Trobo Shark Tank Update

In the world of educational toys, few products have captured the imagination quite like Trobo. This innovative plush toy robot, designed to foster STEM learning in children, made a memorable appearance on Shark Tank Season 7. Despite securing a deal with Robert Herjavec, Trobo’s journey was not without its challenges. In this blog post, we’ll take a closer look at the rise and fall of Trobo, and what it means for the future of educational toys.

The Trobo Pitch and Deal at Shark Tank

Trobo was the brainchild of Jeremy Scheinberg and Chris Harden, two engineers, and fathers who wanted to create an engaging educational toy for their children. The toy itself was a plush robot that could be paired with an app to provide kids with interesting facts and stories in a fun, interactive way.

When Jeremy and Chris appeared on Shark Tank, they sought $100,000 for 10% equity in their company. The sharks were initially intrigued by the product, but concerns about its high price point ($59.95) and potential lack of interest from major retailers led most of them to back out.

However, Robert Herjavec saw potential in Trobo as a content delivery tool. He offered the creators $166,000 for 33.3% equity, contingent on securing a deal with a major content provider like Dreamworks. Jeremy and Chris accepted the offer and left the tank with high hopes for their product.

Trobo Is Gone Out of Business

Despite the initial excitement surrounding Trobo, the company ultimately failed to live up to its potential. The deal with Robert Herjavec fell through, and Trobo struggled to gain traction in the highly competitive educational toy market.

Over time, the price of Trobo decreased as the company tried to attract more buyers. However, without a major content deal in place, Trobo was unable to differentiate itself from other educational toys on the market. In 2017, just two years after its Shark Tank appearance, Trobo shut down for good.

What Was Trobo Net Worth?

At the time of its Shark Tank appearance, Trobo was valued at $1 million based on the deal offered by Robert Herjavec. However, with securing additional funding or partnerships, the company was able to sustain itself long-term.

It’s difficult to say exactly what Trobo’s net worth was at the time of its closure, but it’s clear that the company was unable to generate sufficient revenue to stay afloat. The educational toy market is notoriously challenging, with many products struggling to gain traction despite initial buzz.

Business Overview

Trobo’s story is a cautionary tale for entrepreneurs looking to break into the educational toy market. While the product itself was innovative and engaging, the company faced significant challenges in terms of pricing, distribution, and content partnerships.

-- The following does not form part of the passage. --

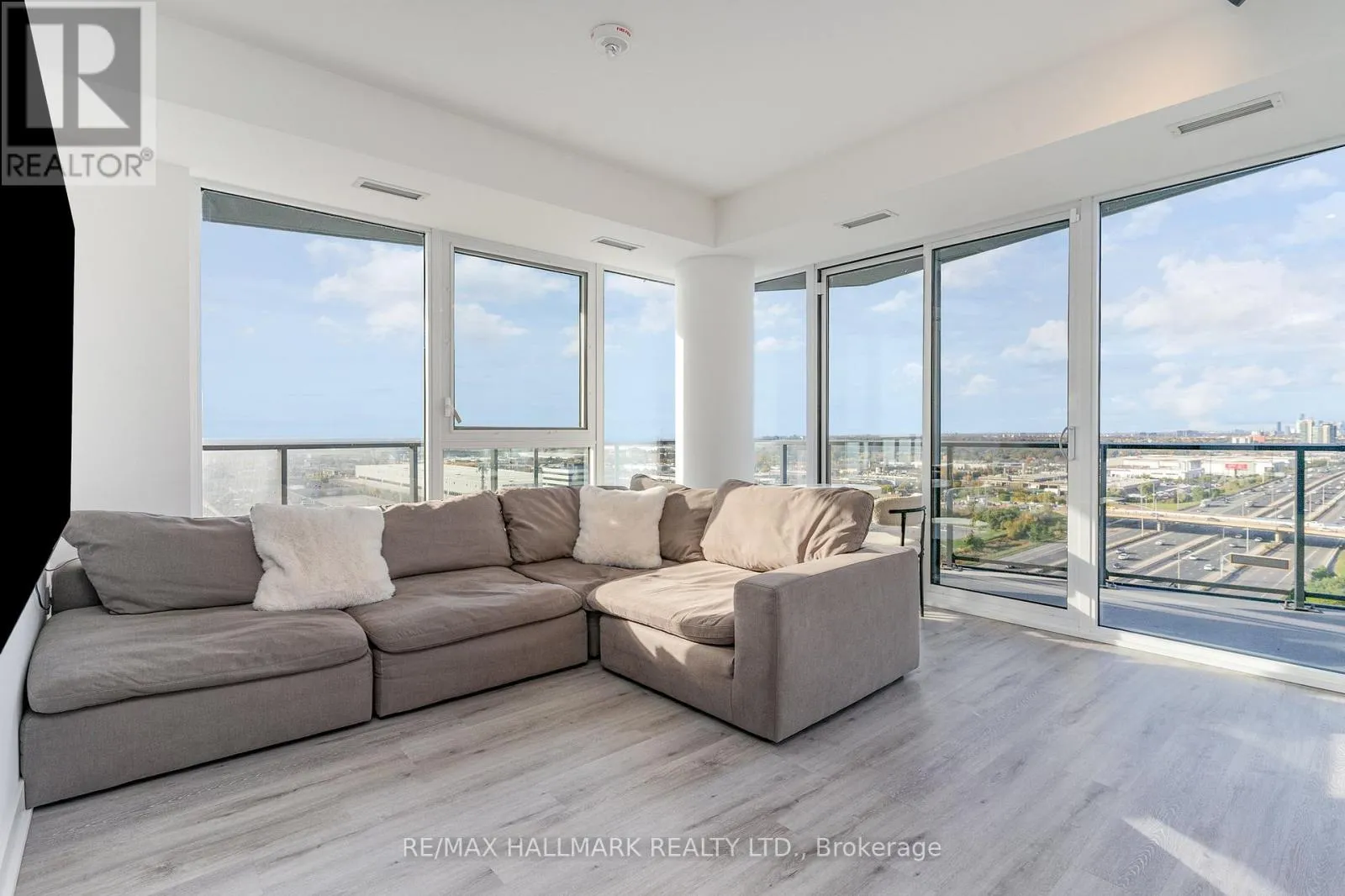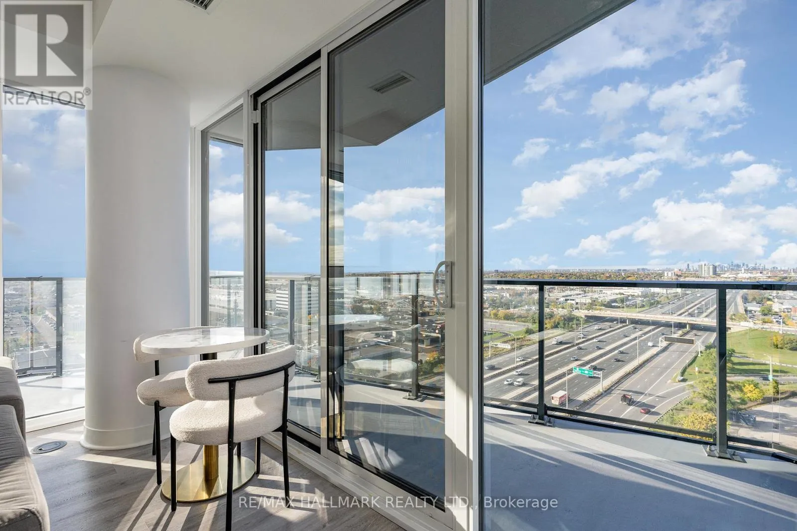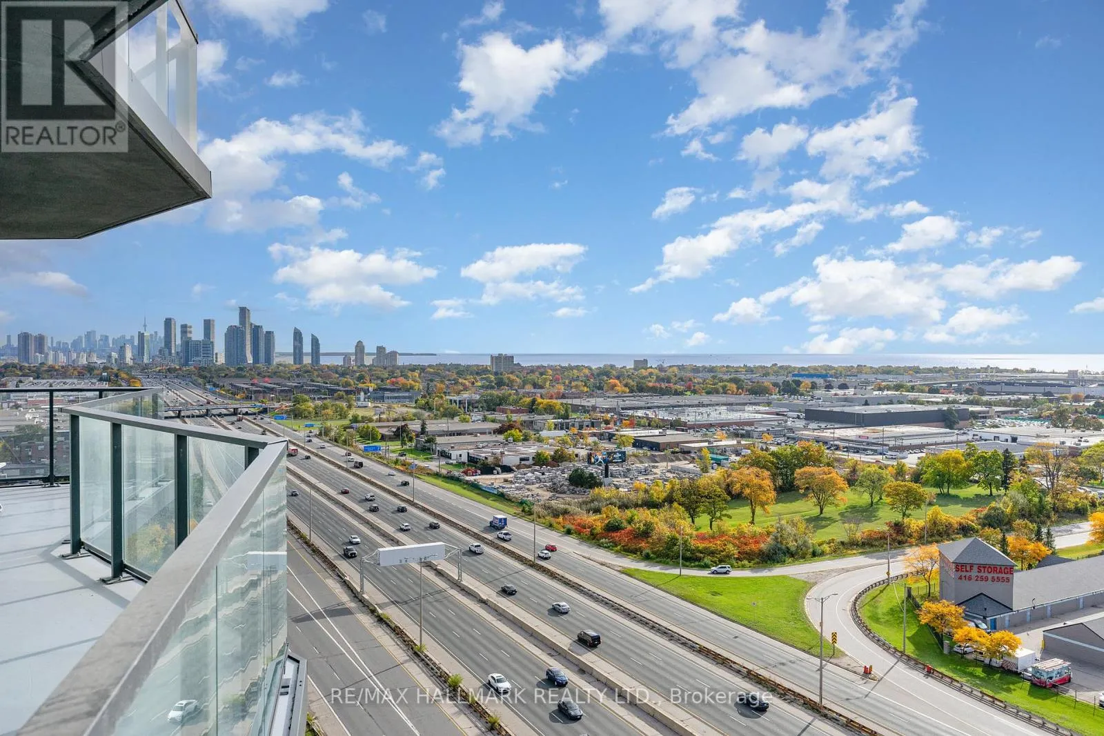 The Queensway/Zorra Experience refined luxury living at 36 Zorra Street, where contemporary design meets everyday comfort. This stunning corner suite showcases unobstructed lake and sunset views from every room, offering a sophisticated retreat in the heart of Etobicoke. Thoughtfully upgraded and meticulously maintained, this 2+1 bedroom, 2-bath residence includes a premium parking space and features over 800 sq ft of interior living space, complemented by a wrap-around 300 sq ft balcony-ideal for sunset cocktails or morning coffee above the city skyline.The intelligently designed open-concept layout maximizes functionality without compromising style. Floor-to-ceiling windows bathe every room in natural light, while smooth cabinetry, sleek black fixtures, and elegant finishes create a cohesive, modern aesthetic. Both bedrooms are generously sized, and the spacious den offers a versatile space-perfect for a home office, studio, or guest area. Every inch of this suite reflects thoughtful design and understated elegance.Residents enjoy access to over 9,500 sq ft of resort-style amenities, including a 7th-floor rooftop pool with cabanas, BBQ and fire pit areas, a state-of-the-art gym, yoga studio, sauna, kids' club, hobby room, arcade, and multiple entertainment lounges. Additional conveniences include 24-hour security, guest suites, and a private resident shuttle to Kipling subway station for seamless downtown access.Ideally located in The Queensway, one of Etobicoke's most dynamic neighbourhoods, you'll love the walkability to restaurants, cafes, Sherway Gardens, and the ease of major highway access.A perfect blend of luxury, location, and lifestyle-this residence redefines elevated urban living at 36 Zorra. (id:27476)

One of the key issues facing Trobo was its high price point. At $59.95, the toy was significantly more expensive than many other educational toys on the market. This made it difficult for the company to attract budget-conscious parents, especially given the abundance of free or low-cost educational content available online.

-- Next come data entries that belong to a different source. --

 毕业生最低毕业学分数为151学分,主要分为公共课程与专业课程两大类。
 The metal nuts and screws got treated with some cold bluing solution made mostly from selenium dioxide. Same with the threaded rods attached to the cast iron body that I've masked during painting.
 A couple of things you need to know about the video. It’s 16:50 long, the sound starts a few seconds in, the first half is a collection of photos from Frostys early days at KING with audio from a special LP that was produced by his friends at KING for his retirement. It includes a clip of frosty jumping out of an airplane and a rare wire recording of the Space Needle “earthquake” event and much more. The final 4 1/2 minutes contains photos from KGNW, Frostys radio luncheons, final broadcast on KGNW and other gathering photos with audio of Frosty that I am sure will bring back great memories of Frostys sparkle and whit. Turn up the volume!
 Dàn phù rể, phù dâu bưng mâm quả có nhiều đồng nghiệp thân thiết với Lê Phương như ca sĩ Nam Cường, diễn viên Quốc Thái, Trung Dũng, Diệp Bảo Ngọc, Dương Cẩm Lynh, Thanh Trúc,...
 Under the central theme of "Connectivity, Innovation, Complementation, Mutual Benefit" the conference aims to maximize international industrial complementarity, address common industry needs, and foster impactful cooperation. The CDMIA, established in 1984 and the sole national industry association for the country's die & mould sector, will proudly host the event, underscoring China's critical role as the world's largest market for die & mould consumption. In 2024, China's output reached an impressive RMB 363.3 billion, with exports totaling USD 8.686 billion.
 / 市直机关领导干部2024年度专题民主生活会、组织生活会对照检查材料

Another challenge for Trobo was distribution. While the company had secured some initial orders from small and medium-sized retailers, it struggled to gain traction with larger chains. Without the backing of a major retailer, Trobo found it difficult to reach a wider audience and generate significant sales.

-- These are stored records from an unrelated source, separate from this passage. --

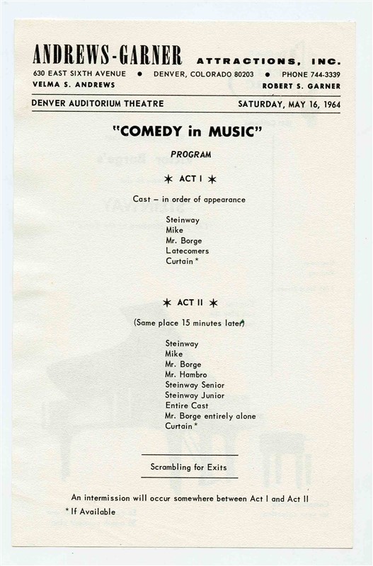 A program and souvenir program from a performance of Comedy in Music as presented at the Denver Auditorium Theatre in Denver Colorado on May 16, 1964. A 2 sided single page program and a 26 page souvenir program filled with photos and information on Victor Borge. Has stains on back cover from removal from a scrap book. Victor Borge Souvenir Program Program Denver Auditorium Theatre May 1964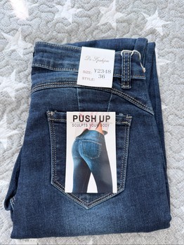 Very stretchy, skinny-style jeans with elastane and push-up. Completely new, marked 36, but more closely corresponds to size 34.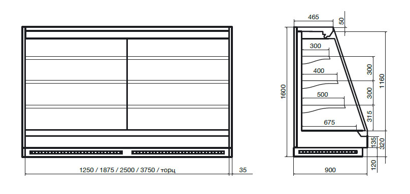 Глубина выкладки: 675 / 500 / 400 / 300 мм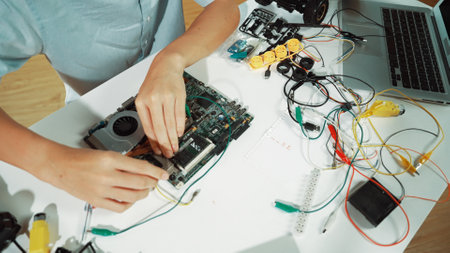 Closeup of boy hand fixing motherboard with electronic tool on table. Top view of highschool student repair electric board with electronic equipment, wires tool scatter around on table. Edification.
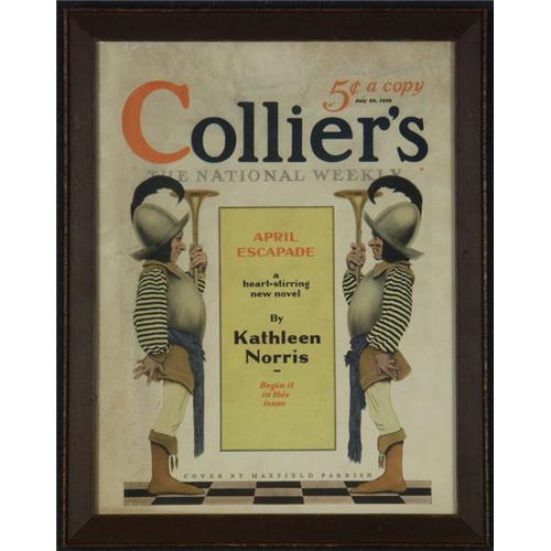 COLOR PHOTOLITHOGRAPH 12 3/4'' x 10 3/4''. Maxfield Parrish (1870-1966), NH. 1929 ''Collier's Weekly'' Cover. Note condition. Placed in a period frame, as seen.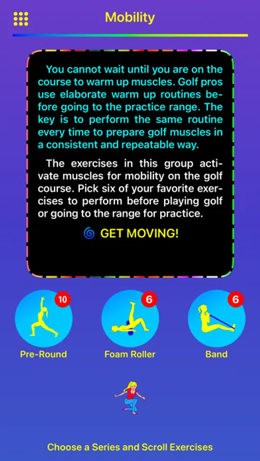 App provides high definition exercise images and helpful videos that have proved successful in helping golfer's of all abilities to play with more power and accuracy. You will get into the best shape of your life, enjoy doing it, while lowering your golf scores. It will also help with injury prevention and prolong your healthy playing life.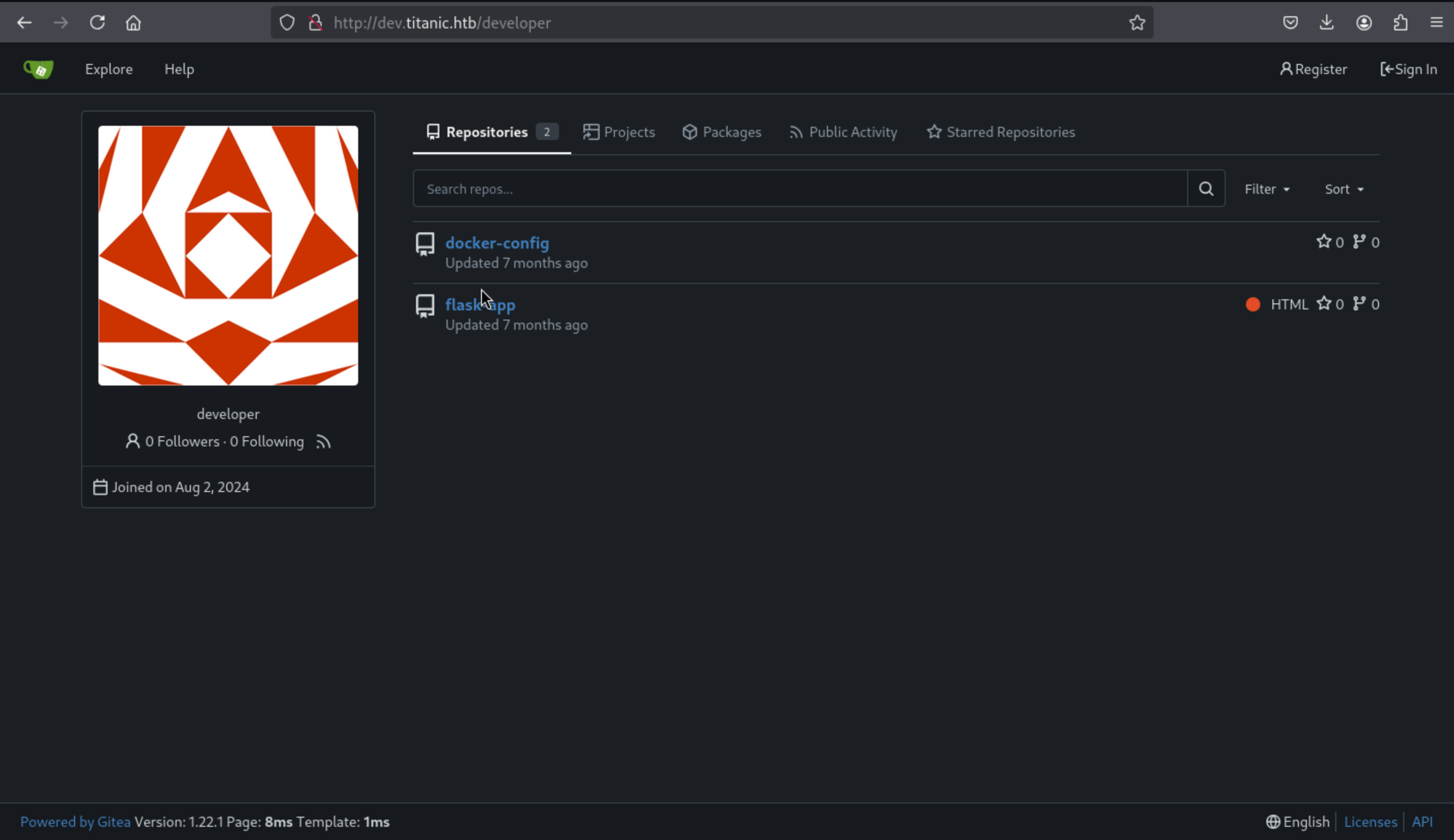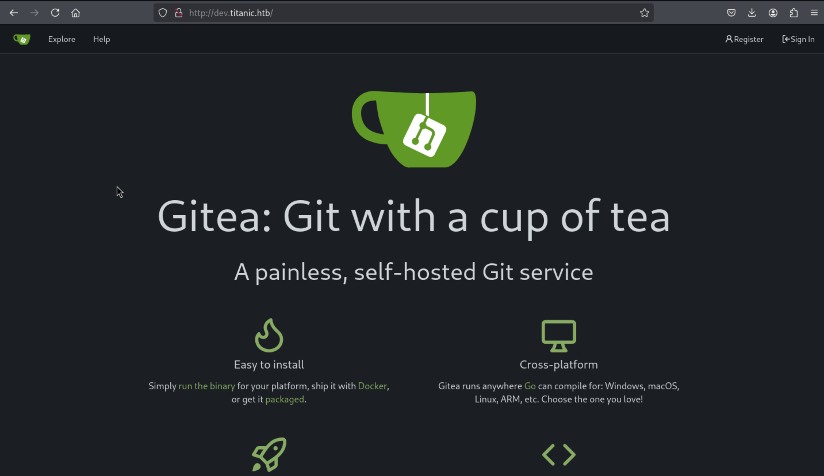 curl "http://titanic.htb/download?ticket=../../../../../../../../../../home/developer/gitea/data/gitea/gitea.db" --output gitea.db

Finally, Trobo’s inability to secure a content partnership with a major player like Dreamworks proved to be a significant obstacle. Access to engaging, high-quality content is necessary for the toy to differentiate itself from other educational products on the market.


The rise and fall of Trobo is a fascinating case study of the challenges facing educational toy startups. While the product itself was innovative and engaging, the company ultimately failed to overcome the significant obstacles it faced in terms of pricing, distribution, and content partnerships.

For entrepreneurs looking to break into this space, the Trobo story offers valuable lessons about the importance of realistic pricing, strong distribution partnerships, and compelling content. By learning from Trobo’s successes and failures, future educational toy makers can position themselves for long-term success in this challenging but rewarding market.